Month 5: Mysteries of the Universe

How can I love someone so much who’s only been alive for 4 ½ months? I have lettuce in my fridge older than that.

How can I love someone so much who’s constantly grabbing fistfuls of my hair and pulling REALLY HARD?

How can I love someone so much whose idea of fun is cramming his socks into his mouth?

How can I change a sopping wet diaper, undershirt, and sleeper* without opening both eyes when I can’t cross my bedroom without banging my shin on the bed?

How can the baby nurse, burp, and repeat without opening his eyes when he couldn’t find his own foot until recently?

How can I be bored to tears some days when I’m too busy to brush my teeth?

How can I be lonely when I am never alone anymore?
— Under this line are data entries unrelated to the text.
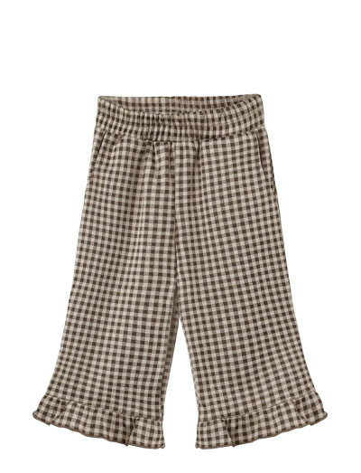 Long pants in soft sweat fabric with checkered pattern. The pants have a loose fit with elastic at the waist and slanted pockets on the sides. The pants have a ruffle at the bottom which makes them cute and feminine. The pants cut at the ankles so they can easily be worn in cold months.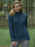 Luxurious ladies cable knit sweater knitted using 100% super soft merino wool. This beautiful ladies cable knit sweater is a mix of a very unique heart design pattern though the body of the sweater and complimented with the traditional honeycomb and cable stitch patterns. The high neck is knitted with the traditional basket stitch design matching the hem beautifully, creating a very feminine and opulent sweater.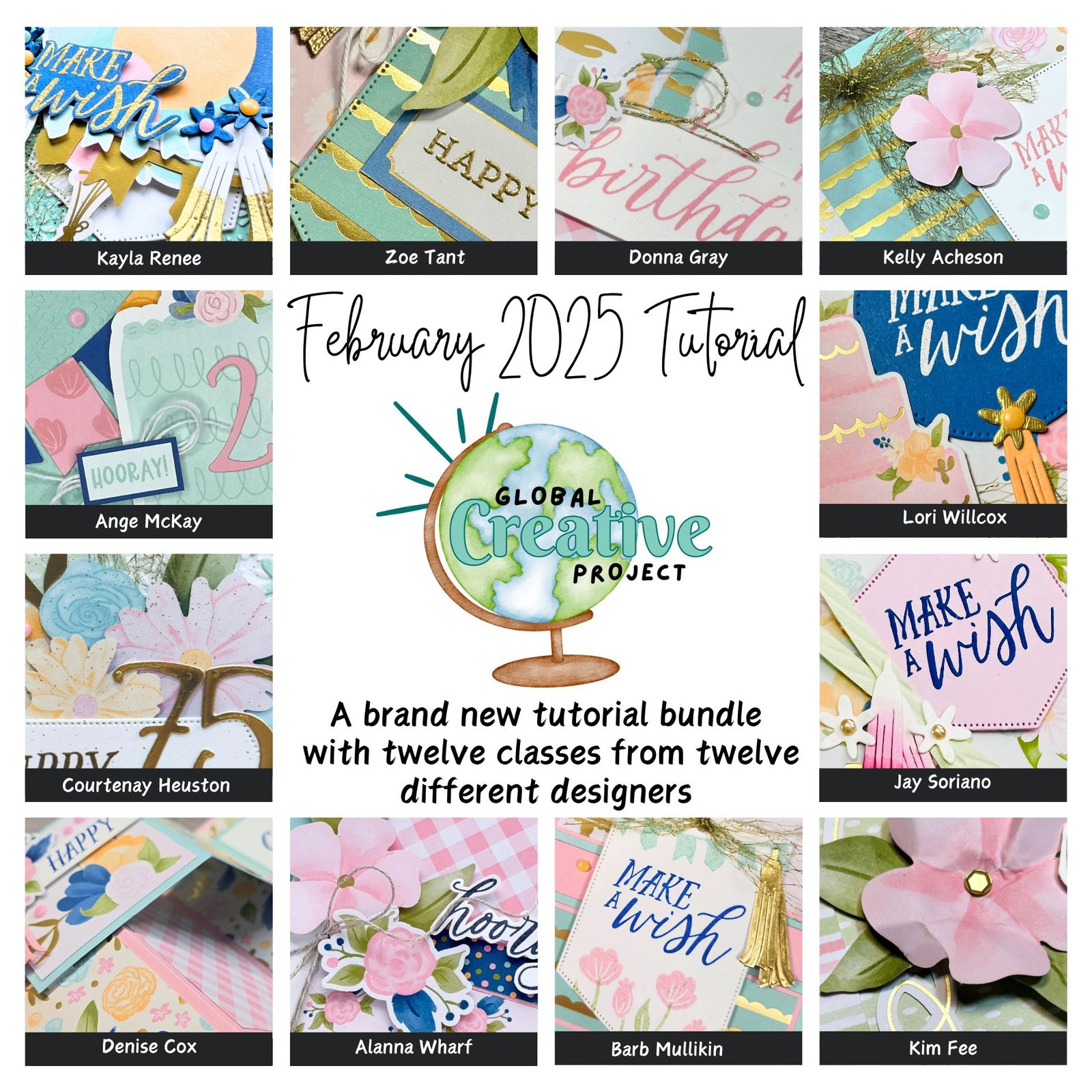 The February 2025 Global Tutorial Bundle features 12 beautiful card designs using the Wildflower Birthday Suite. You’ll receive a detailed PDF with photos, supplies, and measurements, plus access to exclusive video tutorials for each project. Perfect for all occasion crafting!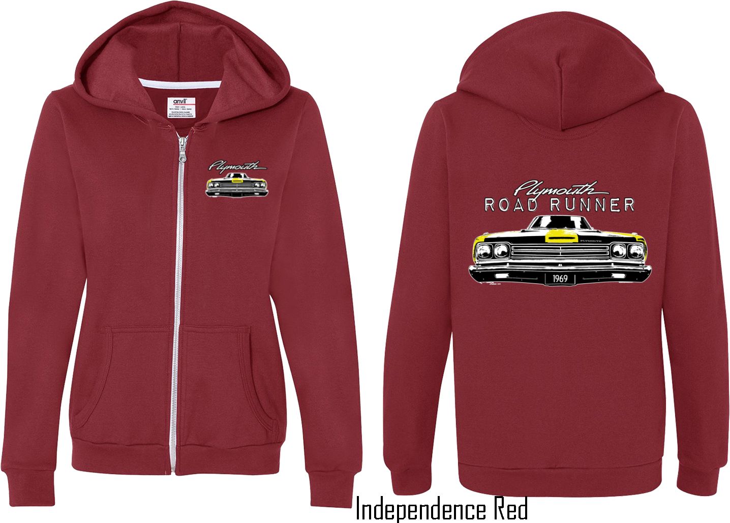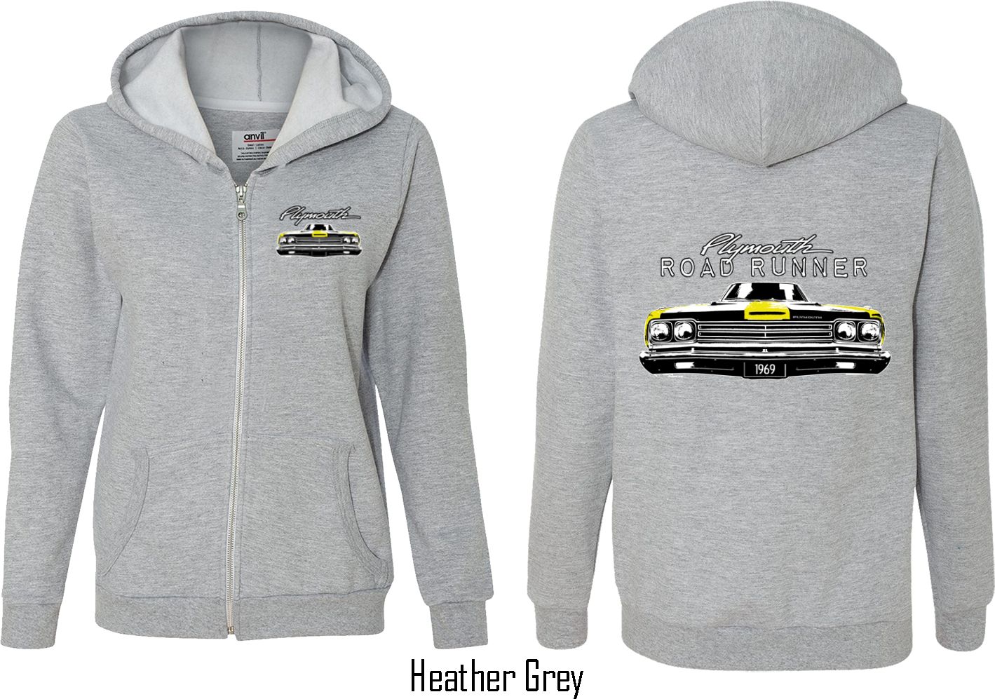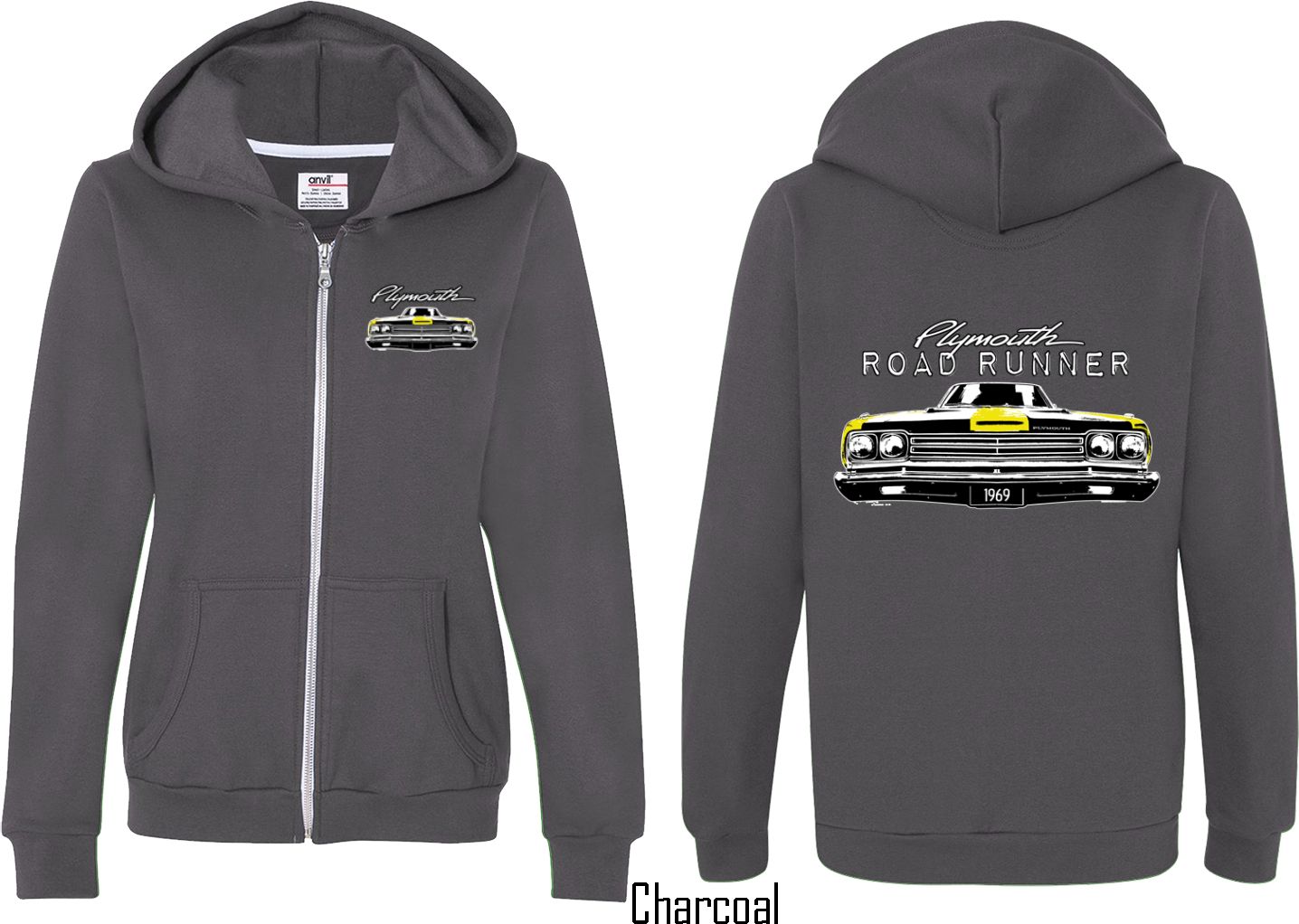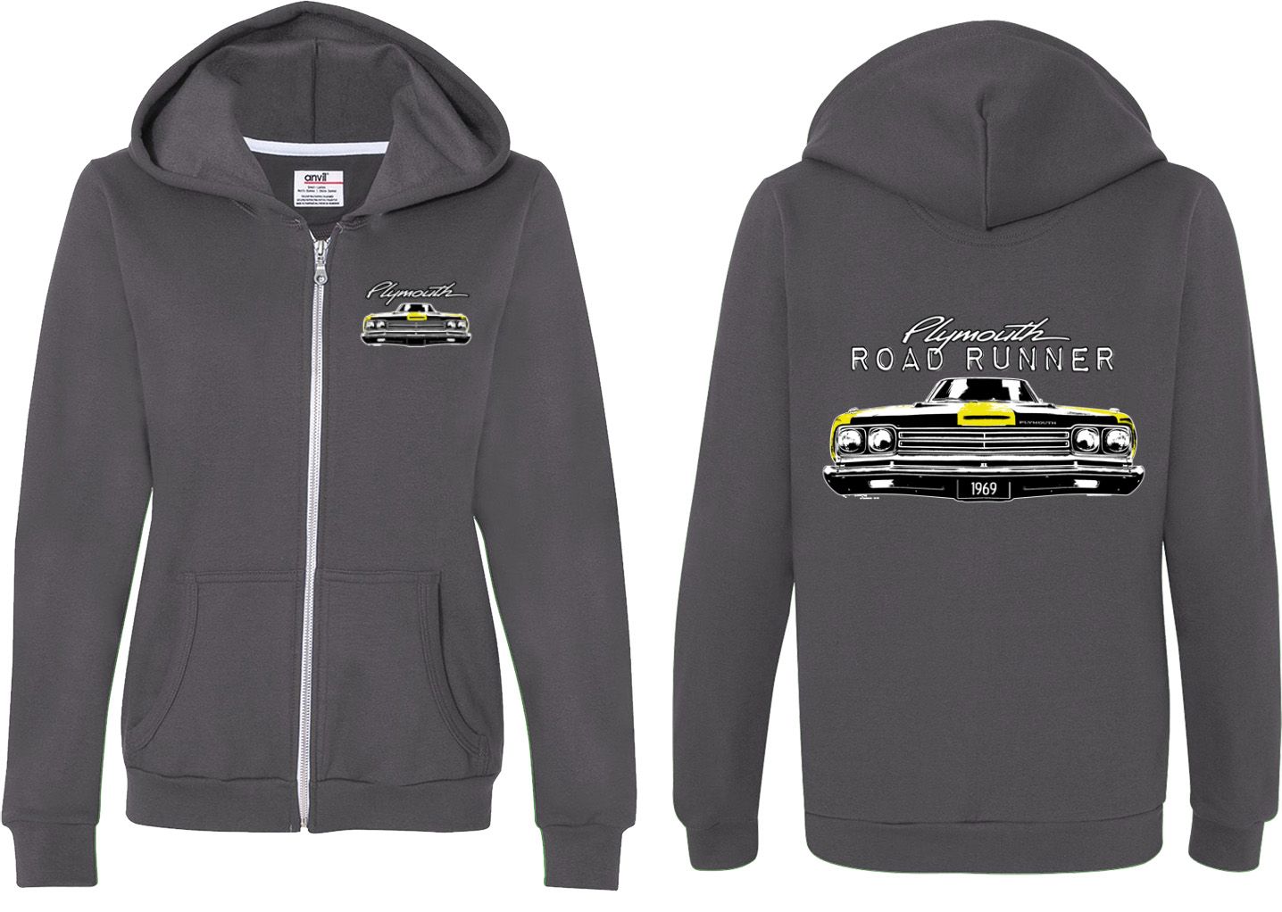 | | Dodge Yellow Plymouth Roadrunner (Front & Back) Ladies Full ZipA ladies full zip hoodie featuring the front end of a yellow 1969 Plymouth Roadrunner on the front and back. Our ladies full zip is made with a blend of cotton/poly. Available in sizes Small through 2XL. Machine wash cold with like colors; dry low heat. ![]() |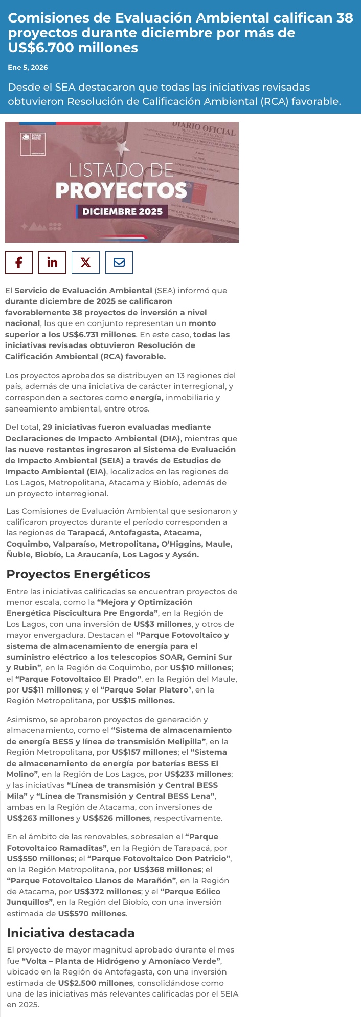 SEA: 17 proyectos energéticos fueron aprobados en diciembre, con una inversión total de US$3.700 millones - (chanarcillo.cl)

How can I be giddily happy and so sad I can’t breathe in the same day?

How does spit-up get in the baby’s ear when he’s lying on his stomach?

How can the baby be crying hysterically one second and dead asleep the next?

How can the baby grow 6 inches taller in 4 months and his hair not grow a millimeter?

How come on the rare occasions the baby sleeps through the night I’m wide awake worrying that something’s wrong?

*Update: Huggies Overnites = Godsend.

3 comments:

Stephanie said...

Ahh, the mysteries of life!

Anonymous said...

My son is now almost 5 mos old and I'm just now finding time to read these blogs. Even though I knew I wasn't alone ... I felt alone. But boy ... what a relief to be able to finally connect with someone other than my infant for a change. This one made me cry because it described the reality in my life. Thank you for saving my sanity.

Mom2Miles said...

You're never alone! We're all in the trenches together, sister. Thanks so much for your comments!